Let a - 3d , a - d , a + d, a + 3d are four parts of 72 in AP.

⇒(a - 3d) + (a - d) + (a + d) + (a - 3d) = 72

⇒4a = 72

⇒a = 18

so,

• 1st term = 18 - 3d
• 2nd term = 18 - d
• 3rd term = 18 + d
• 4th term = 18 + 3d

a/c to question,

(1st × 3rd)/(2nd × 4th) = 5/8

⇒{(18 - 3d)(18 + d)}/{(18 - d)(18 + 3d)} = 5/8

⇒8(18 - 3d)(18 + d) = 5(18 - d)(18 + 3d)

⇒8[18(18 + d) - 3d(18 + d)] = 5[18(18 + 3d) - d(18 + 3d)]

⇒8[324 + 18d - 54d - 3d²] = 5[324 + 54d - 18d - 3d²]

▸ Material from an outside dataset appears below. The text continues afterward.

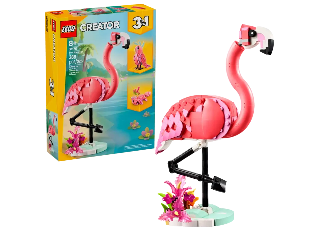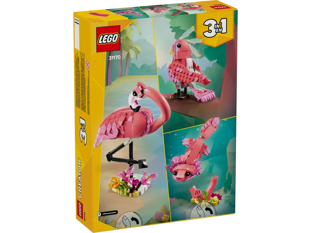 Zu guter Letzt (obwohl es die wenigsten Bilder hat) 31170 Wilde Tiere: Rosa Flamingo kann auch zu einem Pelikan oder einem Axolotl werden, wobei jedes Tier in unterschiedlichen Rosa- und Weißtönen nachgebildet werden kann.

⇒3 × 324 - 8 × 36d - 5 × 36d - 8 × 3d² + 5 × 3d² = 0

⇒972 - 13 × 36d - 9d² = 0

⇒d² + 52d - 108 = 0

⇒d² + 54d - 2d - 108 = 0

⇒d(d + 54) - 2(d + 54) = 0

⇒(d + 54)(d - 2) = 0

⇒d = -54 , 2

now numbers are if d = 2

18 - 3d = 18 - 6 = 12

18 - d = 18 - 2 = 16

18 + d = 18 + 2 = 20

18 + 3d = 18 + 6 = 24

hence numbers are 12, 16, 20, 24.

numbers if d = -54

18 - 3d = 18 - 3(-54) = 18 + 162 = 180

18 - d = 18 - (-54) = 18 + 54 = 72

18 + d = 18 - 54 = -36

18 + 3d = 18 + 3d = 18 - 162 = -144

hence numbers are 180, 72 , -36 , -144.

both groups of numbers are correct.

Therefore 12, 16 , 20 and 24 or, 180, 72 , -36 and -144 are parts of 72.

Answer 2

Divide the number $72$ in the AP of four parts.

Explanation:

• Let the four terms in the A.P be $a_1,\ a_2,\ a_3,\ and\ a_4$.
• Now we have, $a_1+a_2+a_3+a_4=72$  
• From the formula of the sum an A.P we get, $\frac{4}{2} (2a_1+3d)=72\\->2a_1+3d=36\ \ \ \ \ \ \ \ \ \ \ ----(a)$  
• Now it is required that the ratio of the products of first-third terms and second-fourth terms is $5:8$.
• Hence we get,          
• $\frac{a_1a_3}{a_2a_4}=\frac{5}{8}\\ ->8a_1(a_1+2d)=5(a_1+d)(a_1+3d)\\ ->8a_1^2+16a_1d=5a_1^2+20a_1d+15d^2\\->3a_1^2-4a_1d-15d^2=0\\->(3a_1+5d)(3d-a_1)=0 \\->a_1=\frac{-5d}{3} ,\ \ a_1=3d$      ----(b)  
• From (a) and (b) we get two possible AP,
• $a_1=3d,\ \ \ \ \ \ \ \ \ \ \ \ \ \ \ \ \ \ \ \ \ \ \ \ \ \ \ \ \ \ \ \ a_1=\frac{-5d}{3} \\-> 9d=36\ \ \ \ \ \ \ \ \ \ \ \ \ \ \ \ \ \ \ \ \ \ \ \ \ \ \ ->-10d+6d=72\\->d=4\ \ \ \ \ \ \ \ \ \ \ \ \ \ \ \ \ \ \ \ \ \ \ \ \ \ \ \ \ \ ->d=18\\AP_1-> 12, 16, 20, 24\ \ \ \ \ \ \ \ \ \ \ \ \ \ \ \ AP_2-> -30, -12, 6, 24$    
• Assuming the required parts are to be of positive numbers the four parts are $12,16,20,24$.